If this contact is disrupted, the toxin has no effect. When venom is injected into the snake that produces it, nothing happens. Takacs's team discovered why, by comparing the targets of toxins (receptors) on muscle cells in cobras with receptors in humans and other mammals.
Cobra receptors have a unique sugar molecule that acts as an umbrella, blocking the toxin from binding to the receptor. Remove that molecule and the cobra becomes toxin-sensitive. Add it to a mouse, and the mouse becomes toxin-resistant.
The ability to act on vital targets with that degree of precision makes toxins an ideal model for new drugs. But isolating a specific toxin to fight a specific disease is an extremely tedious, multiyear process, largely due to the small number of toxins that can be isolated from any given venom—until now.
At the University, Takacs with biophysicist Steve Goldstein, recently developed the state-of-the-art "Designer-Toxin" technology allowing the creation of "toxin libraries" with a potential to contain up to millions of toxin variants ready to screen.
"By screening the variants," he said, "you can determine which one will specifically act on the vital target that determines the outcome of a disease. That knowledge is a powerful tool in converting a toxin into a drug."
"Our technology lets you make millions of different keys, try them all at once, and isolate the single one that fits the lock. Problems with side effects occur because drugs are acting on more than one target. With our method, your key will open one lock, but not any others."
He predicts the technology will be useful in developing toxin-based drugs for various diseases, from cancer to circulatory disorders. "The particular toxin we're working with now looks promising for autoimmune diseases like multiple sclerosis, arthritis, and diabetes," he said.
Analyzing venom may confine Takacs to a lab, but collecting it takes him to the far corners of the world. "Since I need venom and DNA samples from snakes, their prey, and predators, my work requires unconventional travel strategies and ventures into unfamiliar territories--exploration I absolutely love."
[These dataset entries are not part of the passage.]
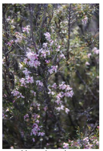
Lissanthe strigosa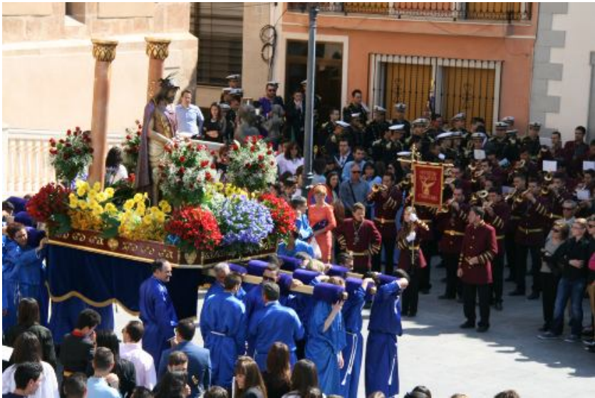
Ecco Hommo Sculptor: Talleres de Arte Cristiano de Olot (Gerona),

After the Holy Week of 1990 it was decided that they would order the image of Ecco Hommo for release in the morning of Good Friday of 1991.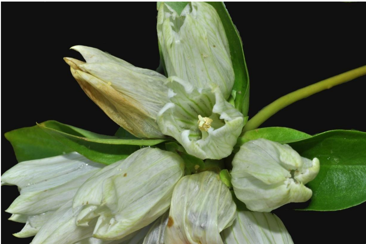
Figure 6 Gentiana flavida terminal inflorescence of partially open corollas adapted to bumblebees (Thompson 17-480, BERA).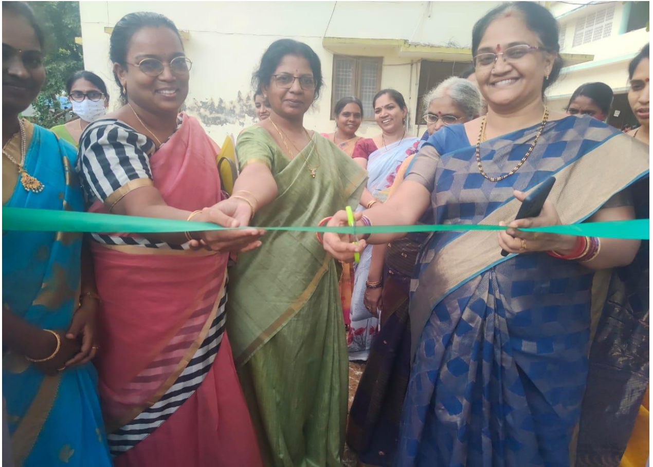
Inauguration of Dr.Janaki Ammal Botanical Garden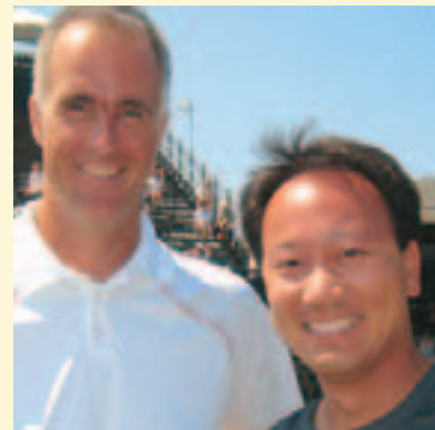
Former ATP Pro Todd Martin took on Michael Chang in the Hall of Fame Classic on Center Court.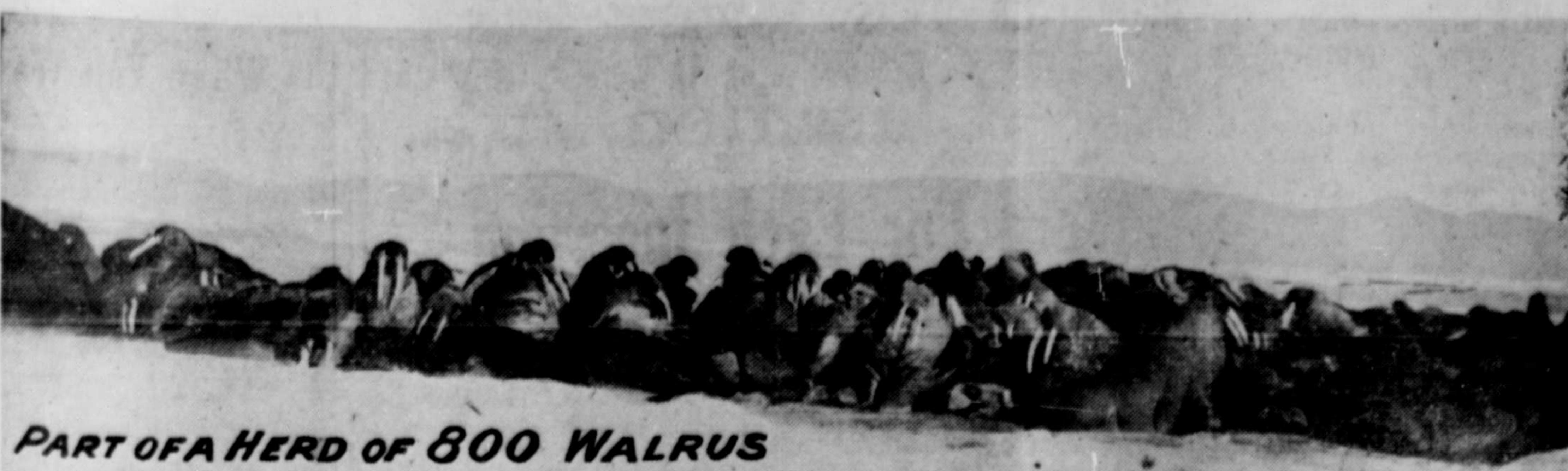
PART OF A HERD OF 800 WALRUS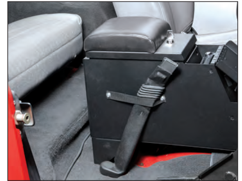
FIGURE 9. Note: A second person is necessary to assist with the final installation. Place your console back into position while running the seat belt buckle sleeves through the console's side seat belt straps as shown. Here's where assistance is helpful. Fasten the rear of the console to the floor using (2) 5/16" x 5-1/2" bolts with 5/16" washers on each. Place a washer and 5/16" locknut to each bolt and tighten. Fasten the front of the console through using the shorter 5/16" x 1-3/4" bolt with washer followed by a 5/16" washer and locknut and tighten. Install rubber floor mat to the console's interior. Console installation is now complete.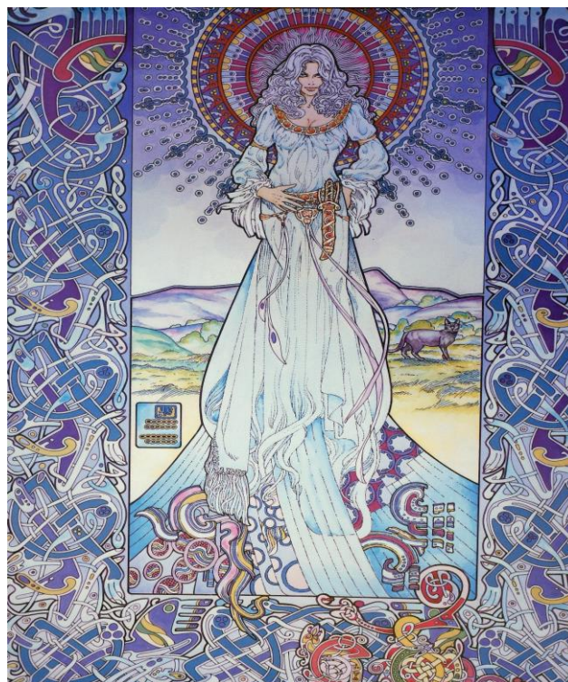
THE BEAUTY OF CELTIC ART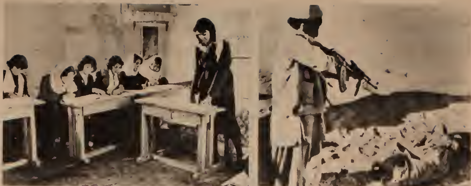
Women learn to read and write in literacy campaign by left-nationalist Kabul government. CIA-backed reactionaries rose up against women's rights: mujahedin cutthroat shoots schoolteacher (right).

Precisely for this reason and because military defense of the Soviet workers state was posed, the international Spartacist tendency said at the time of the intervention: Hail Red Army in Afghanistan! Soviet troops prevented a massacre of all those who want to bring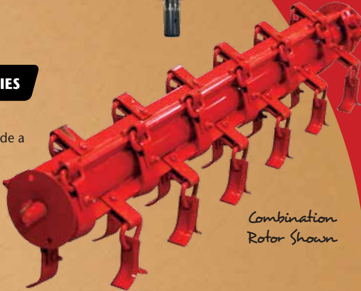
Combination Rotor Shown

Dynamically balanced Rotor Assemblies provide a vibration free, smooth operation. Rotors can be equipped with all Cup Knives, all Side Slice Knives, or a combination of both to match a wide variety of applications.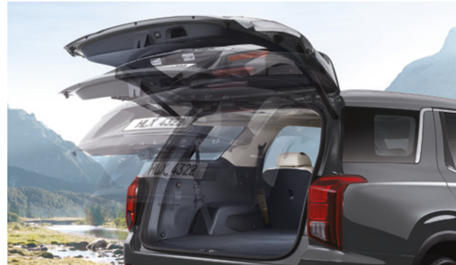
Smart power tailgate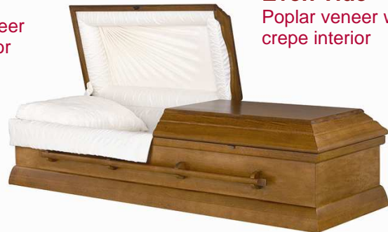
Even Tide Poplar veneer with rosetone crepe interior

Takacs usually travels solo with only a backpack, camera bag, and a tissue-collecting kit, often piloting small planes or riding camels to reach remote destinations. His quest for venomous creatures has taken him to 133 countries. The expeditions are never uneventful.
One of his first, as a teen, landed him in a Bulgarian military jail near the Greek border. He has used military escort against pirates while diving for sea snakes in the Philippines; helicopter evacuation from civil war in Laos; dodged stampeding elephants in the jungles of Congo; survived his due number of bites by an assortment of venomous vipers and venom spewed in his face by a spitting cobra. Repeated exposure made Takacs allergic to snake venom, snake antivenom, and snake saliva. Yet he doesn't wear much protective gear. "Gloves limit my fine-motor movement, and I need that," he said. I only wear gloves underwater when catching sea snakes. This is the norm in this business."
"Most of this is fun as long as you remain in control," he says.
He is concerned however, about the loss of biodiversity. "Snakes are not charismatic animals to most people," he admitted. But if you find yourself facing a heart attack, and a drug from viper venom could save your life, "imagine if that snake had gone extinct, that drug wouldn't exist. Once we've erased something that evolved over millions of years, there's no way back."
The other Emerging Explorers are environmental scientist Saleem H. Ali; mobile technology innovator Ken Banks; wildlife biologist Aparajita Datta; agroecologist Jerry Glover; bioarchaeologist Christine Lee; research scientist and engineer Albert Yu-Min Lin; paleontologist Bolortsetseg Minjin; educator and activist Kakenya Ntaiya; electrical engineer Aydogan Ozcan; musician and activist Feliciano dos Santos; molecular biologist Beth Shapiro; wildlife researcher and conservationist Emma Stokes;; and marine biologist and conservationist Jose Urteaga.